On Julia Easterlin’s desk, there’s a plastic heart on a metal stand. Not one drawn by a 10-year-old, but one drawn by a medical professional, its ventricles and its tubelike venae cavae swooping in and out. It’s not unlike Julia, a musician who performs as her middle name Hite, to have a human heart on her desk, possibly a reminder that it’s really just an organ. Her newest album, a stunning electronic Southern-Gothic folk fantasy called Light of a Strange Day, is a sophisticated journey into heartache, after all.
But Julia is studying to be a phlebotomist and an EKG technician so she can do something with her brain when she’s not making music, she says.
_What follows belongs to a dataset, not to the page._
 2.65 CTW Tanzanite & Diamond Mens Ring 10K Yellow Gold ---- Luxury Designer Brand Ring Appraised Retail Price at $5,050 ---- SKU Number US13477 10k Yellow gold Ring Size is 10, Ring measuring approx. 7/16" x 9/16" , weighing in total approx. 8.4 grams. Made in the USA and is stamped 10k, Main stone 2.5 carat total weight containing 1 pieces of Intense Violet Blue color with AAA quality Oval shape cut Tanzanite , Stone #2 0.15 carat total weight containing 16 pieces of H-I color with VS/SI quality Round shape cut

On the train to class, she knits yarn into nothing, making stitches wherever she wants and feeling very punk rock about it: this thing I’m making, it doesn’t have to be anything, she tells me. It’s something her life as a musician—one who has performed at Lollapalooza, the Stockholm Jazz Festival, and South by Southwest; who has been recognized by the the John Lennon Foundation, the National Foundation for Advancement in the Arts, the Gibson/Baldwin Grammy Jazz Ensembles, and the New York Songwriters Circle, with a voice The Boston Globe has described as “captivating” and a “one-woman a cappella group”— doesn’t ask of her.
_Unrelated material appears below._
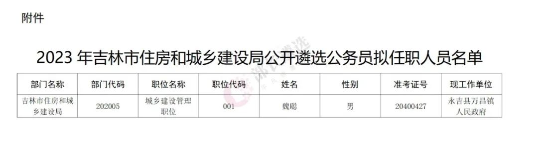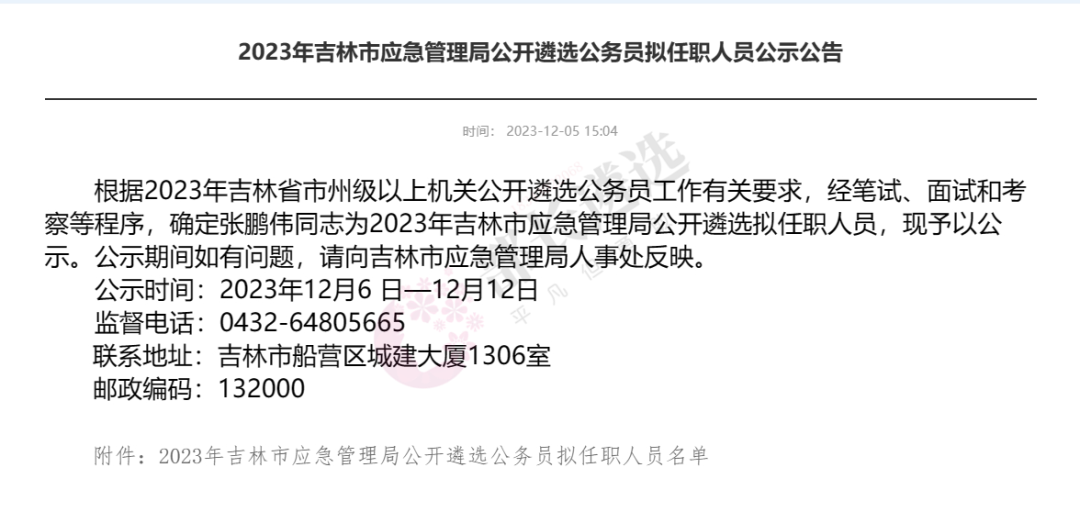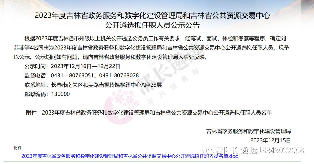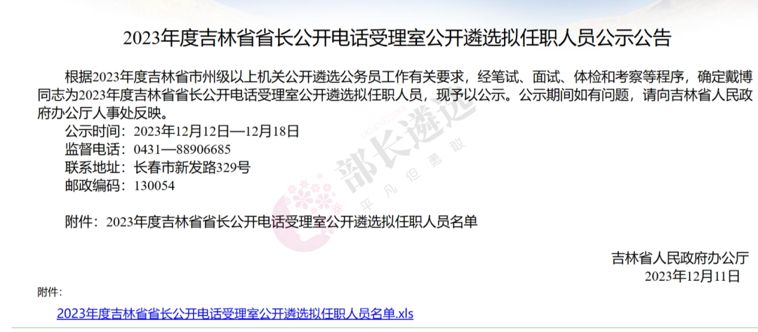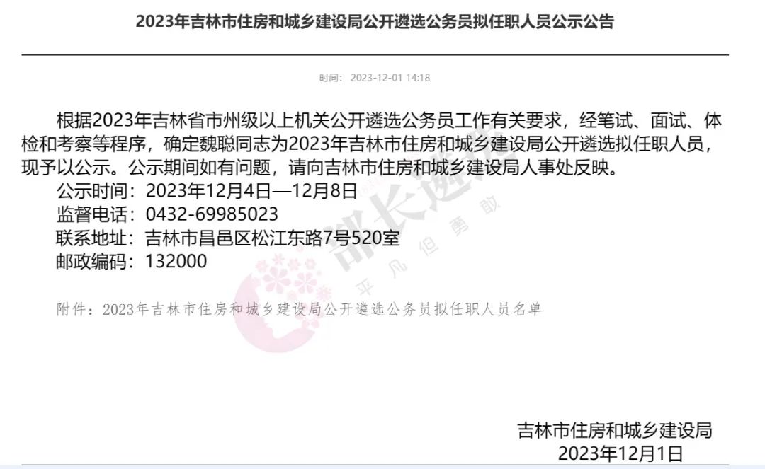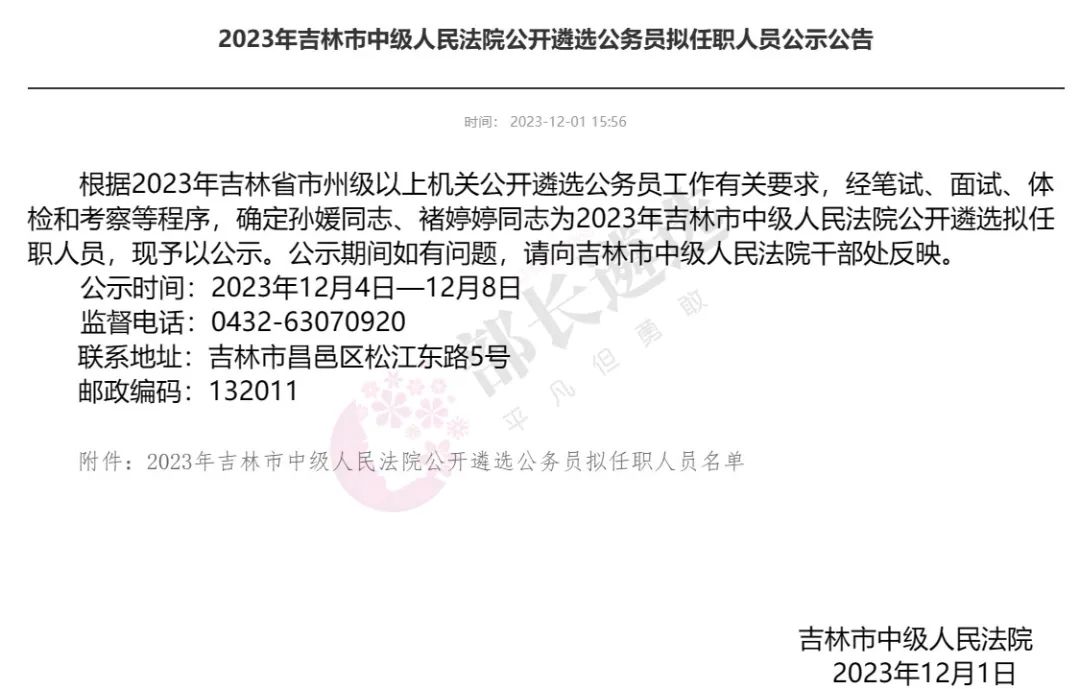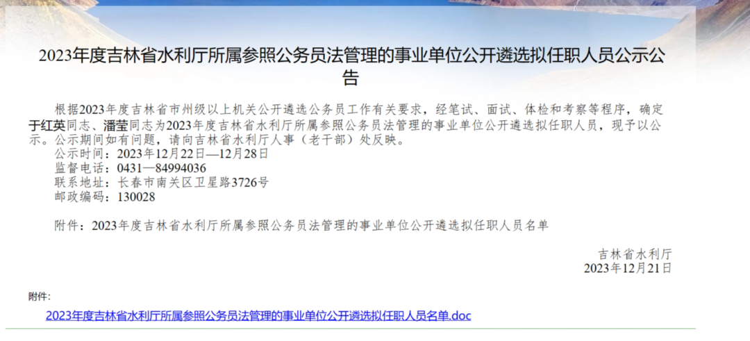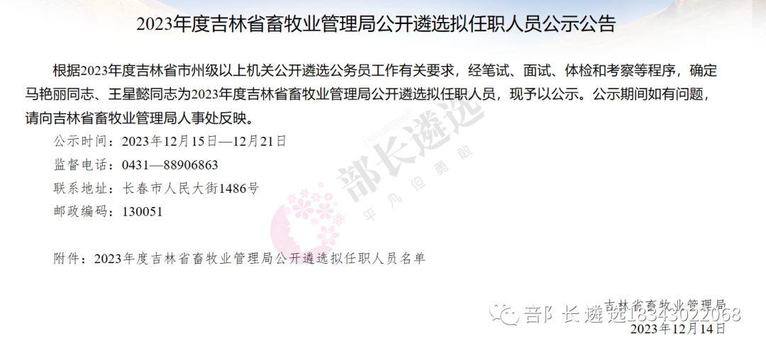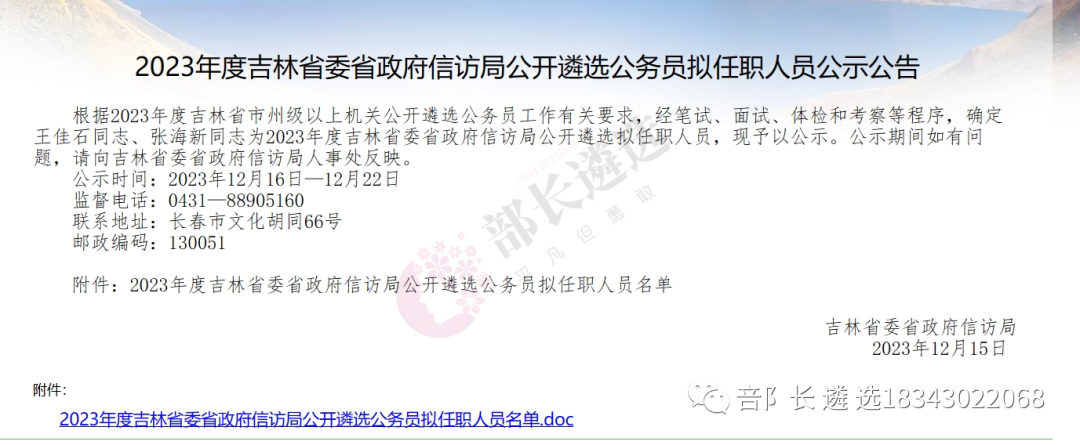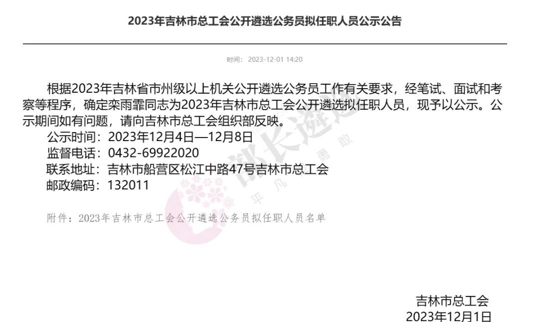 2023年四平市公务员遴选公示

We sit on her couch and she sips elderflower lemonade from a wine glass while laughing and adjusting her glasses. Soon she’ll tune her ukulele, which will magically sound rich and full and not at all like Don Ho or hipster Brooklyn when she will play it later on the stage at C’Mon Everybody in Bed-Stuy where she has a musical residency. She’ll gather together her albums for sale, swing a floral baseball cap on her head, the instrument on her back, and we’ll head to the train.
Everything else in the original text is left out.